**WHAT IS EXPECTED:**
All that is needed is an exact copy of the lines from the beginning of the data below through the line containing "整个模块的电源接口有1组18", minus the pictures.

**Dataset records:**
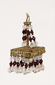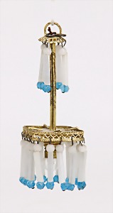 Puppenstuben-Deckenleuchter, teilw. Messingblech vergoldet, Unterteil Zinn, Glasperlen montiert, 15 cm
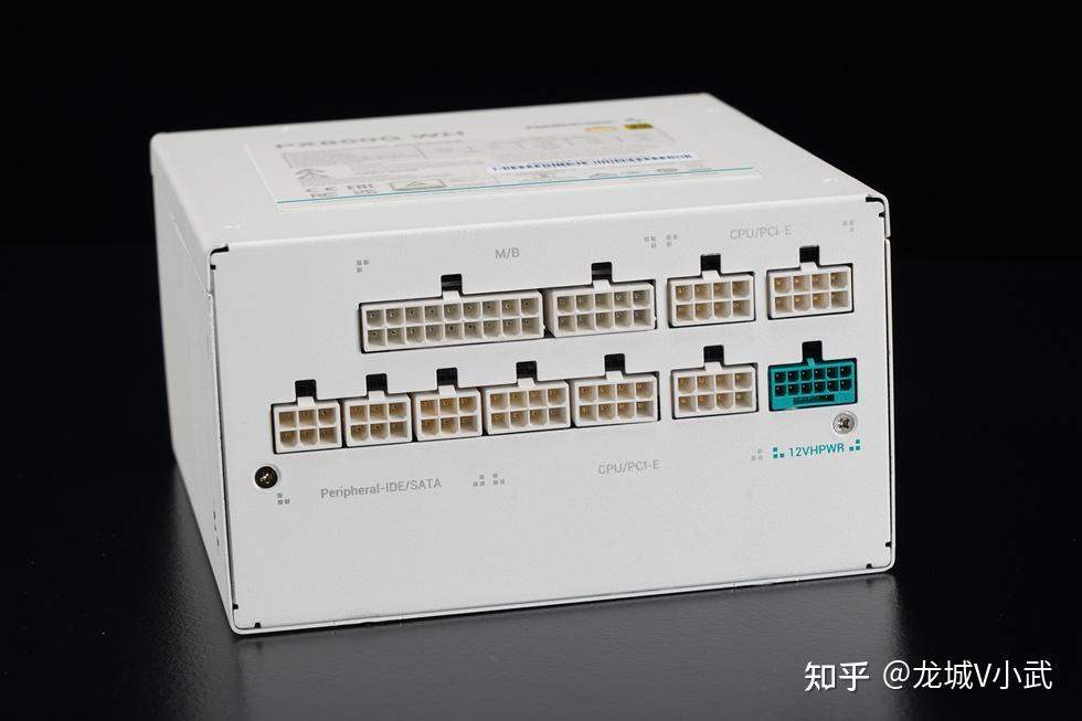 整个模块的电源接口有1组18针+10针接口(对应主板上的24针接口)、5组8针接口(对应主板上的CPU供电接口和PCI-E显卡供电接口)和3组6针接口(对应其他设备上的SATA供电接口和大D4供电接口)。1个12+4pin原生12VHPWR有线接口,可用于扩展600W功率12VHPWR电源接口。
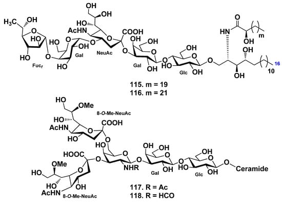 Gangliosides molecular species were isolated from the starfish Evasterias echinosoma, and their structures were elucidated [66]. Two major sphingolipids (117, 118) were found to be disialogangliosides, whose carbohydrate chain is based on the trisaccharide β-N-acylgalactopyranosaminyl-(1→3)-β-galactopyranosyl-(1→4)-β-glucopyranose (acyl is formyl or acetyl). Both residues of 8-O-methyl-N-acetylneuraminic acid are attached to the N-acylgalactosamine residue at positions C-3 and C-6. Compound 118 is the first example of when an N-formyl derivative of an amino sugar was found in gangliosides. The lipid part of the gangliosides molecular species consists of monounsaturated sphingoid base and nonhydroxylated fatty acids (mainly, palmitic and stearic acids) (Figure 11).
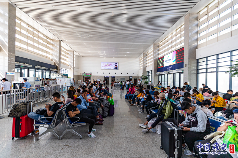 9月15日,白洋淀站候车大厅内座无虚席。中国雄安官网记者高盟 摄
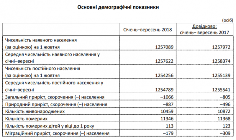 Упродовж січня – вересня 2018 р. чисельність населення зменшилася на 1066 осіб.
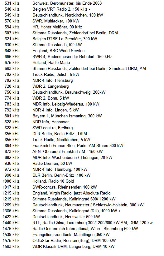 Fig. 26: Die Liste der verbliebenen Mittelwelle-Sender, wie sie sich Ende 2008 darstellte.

**EXPECTED ANSWER:**
 Puppenstuben-Deckenleuchter, teilw. Messingblech vergoldet, Unterteil Zinn, Glasperlen montiert, 15 cm
 整个模块的电源接口有1组18针+10针接口(对应主板上的24针接口)、5组8针接口(对应主板上的CPU供电接口和PCI-E显卡供电接口)和3组6针接口(对应其他设备上的SATA供电接口和大D4供电接口)。1个12+4pin原生12VHPWR有线接口,可用于扩展600W功率12VHPWR电源接口。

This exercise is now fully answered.